Academic Digital

MIT 'The new new thing'

I’ve had quite an interest in MIT since I heard that they put all their lectures, etc. online (on YouTube, etc. under Creative Commons licences), something that is resisted by many an academic… and have found that it has increased interest in their courses. Here, Times Higher Education looks at their Media Lab…

Joichi Ito does not have the kind of background that would normally catch the eye of an appointment committee searching for someone to head a prestigious university research lab. To start with, he is not an academic – he is an internet entrepreneur, a venture capitalist and a former disc jockey. And, if that were not enough against him, he dropped out of university. Twice.
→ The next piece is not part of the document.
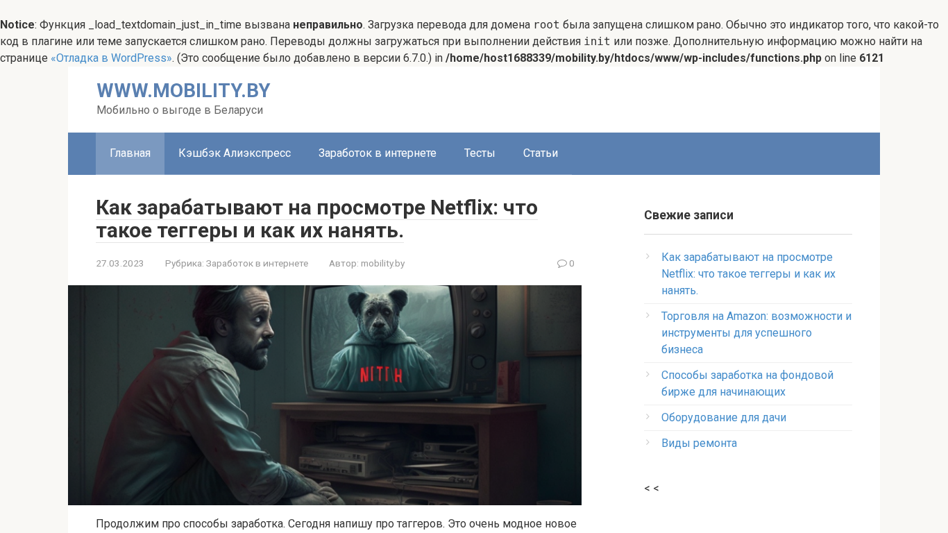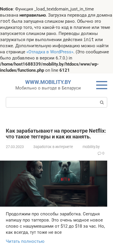 | AI-анализ | The website "Мобильно о выгоде в Беларуси. Зарабатываем на дому в кризис" (mobility.by) is a Belarusian blog focusing on making money in Belarus. The author personally tests various methods of earning money online, with categories including cashback, Amazon sales, and stock trading for beginners. The site includes articles such as "Как зарабатывают на просмотре Netflix: что такое теггеры и как их нанять" and "Торговля на Amazon: возможности и инструменты для успешного бизнеса." The website was last updated on March 27, 2023, with the latest article being about taggers in online money-making. The site also includes a section for studies and is written in Belarusian. A notice |

But not every lab is like the Media Lab at the Massachusetts Institute of Technology. The lab in Cambridge, Massachusetts, which turned 25 last year, is world famous for its “renegade” research environment and creative and wacky projects that combine design with cutting-edge technology. It is responsible for, among other things, the electronic ink technology that e-readers use to simulate printed paper; for Guitar Hero, the hit video game in which players simulate playing the guitar in rock songs; for Lego Mindstorms robotics building kits and for the XO-1 laptop, a budget computer designed to be distributed to children in developing countries around the world as part of the One Laptop per Child project.

Nicholas Negroponte set up the Media Lab to explore human-machine interaction and the life-enhancing possibilities of new technology. He led it from its start until he stepped down as director in 2000. Ito, who took over in September, is the third person to head the lab since the departure of its founder; he took the reins from Frank Moss, professor of the practice of media arts and sciences at MIT.

“I was surprised as well,” Ito says of his appointment. The 45-year-old, who recently served as chief executive of the open licensing technology non-profit organisation Creative Commons, was an early investor in more than 40 technology start-ups, including Twitter and Flickr. But he admits that, until now, his experience of universities “hadn’t been great”.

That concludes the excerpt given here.